Жизнь за Родину. Вокруг Владимира Маяковского. В двух томах - Вадим Юрьевич Солод
Шрифт:
Интервал:
Закладка:
Теперь в соответствии с Уголовном уложением (ред. 1903 года) доставление средств к самоубийству каралось тюремным заключением до 3 лет (ст. 462), за подговор полагалась каторга до 8 лет (ст. 463), за самоубийство по жребию согласно условию с противником — тоже ссылкой на каторжные работы сроком до 8 лет (ст. 488).
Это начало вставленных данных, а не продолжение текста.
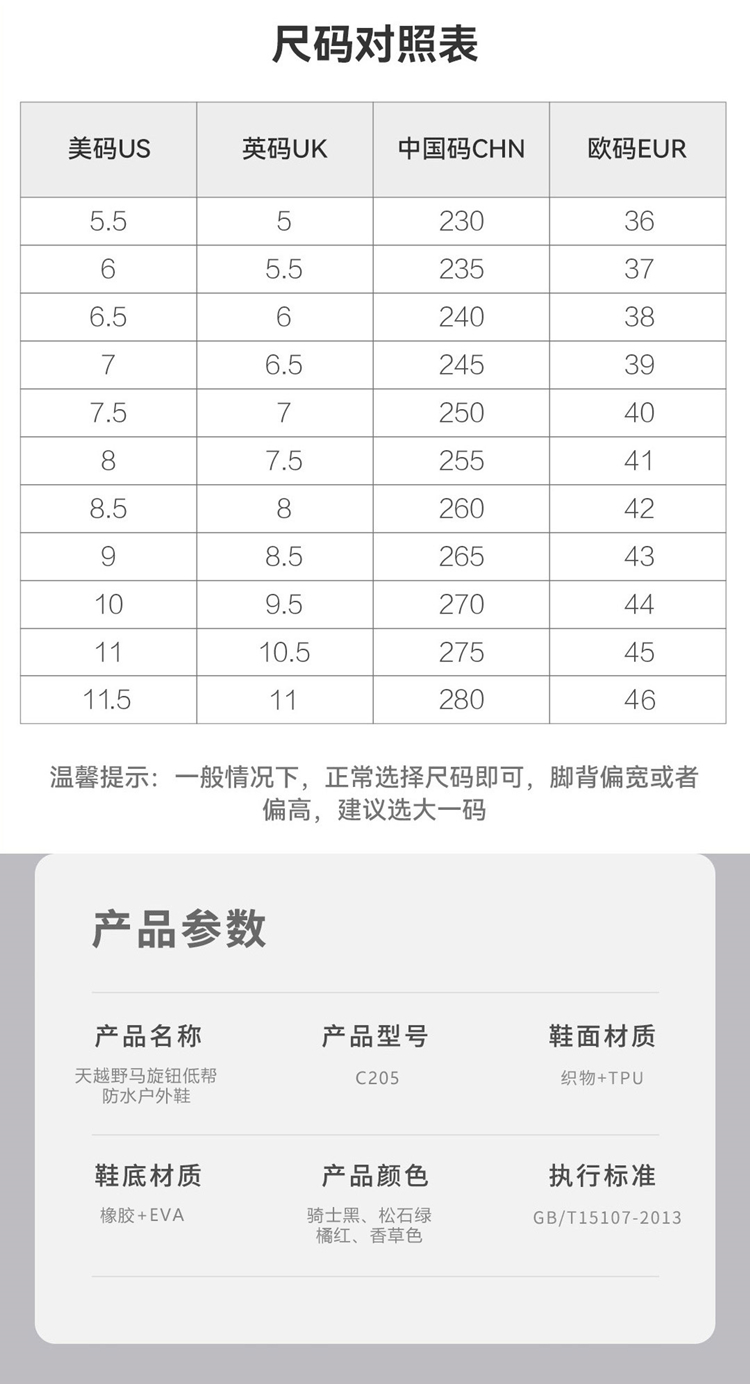 天越野马旋钮低帮防水户外鞋C205专业户外大底防水防滑抓地轻量减震回弹

Особая ответственность предусматривалась за подговор к самоубийству лица, не достигшего 21 года или заведомо не способного понимать свойства и значение им совершаемого или руководить своими поступками, а также за содействие самоубийству таких лиц советами или указаниями, доставлением средств или устранением препятствий.
Самоубийство не признавалось преступлением, только если оно было совершено по «великодушному патриотизму», ради сохранения государственной тайны или, например, из желания женщины сохранить честь и целомудрие в случае грозившего ей насилия.
В таких случаях родственники самоубийц имели право на их погребение по церковному обряду, а завещания, если таковые, конечно, имелись, сохраняли свою законную силу. Во всех остальных случаях за совершение суицида лицо признавалось виновным в совершении преступления, лишалось всех прав, которые имело при жизни. Несмотря на существовавшие допущения, по существовавшей традиции самоубийц православного вероисповедания хоронили без отпевания за кладбищенской оградой и не служили по ним панихиду.
Тем не менее моду на такой эксцентричный уход из жизни задавали поэты, писатели, студенты и экзальтированные барышни.
Удел и рок печальный их —
В себе убить себя самих!
(Вальтер Скотт. Песнь последнего менестреля).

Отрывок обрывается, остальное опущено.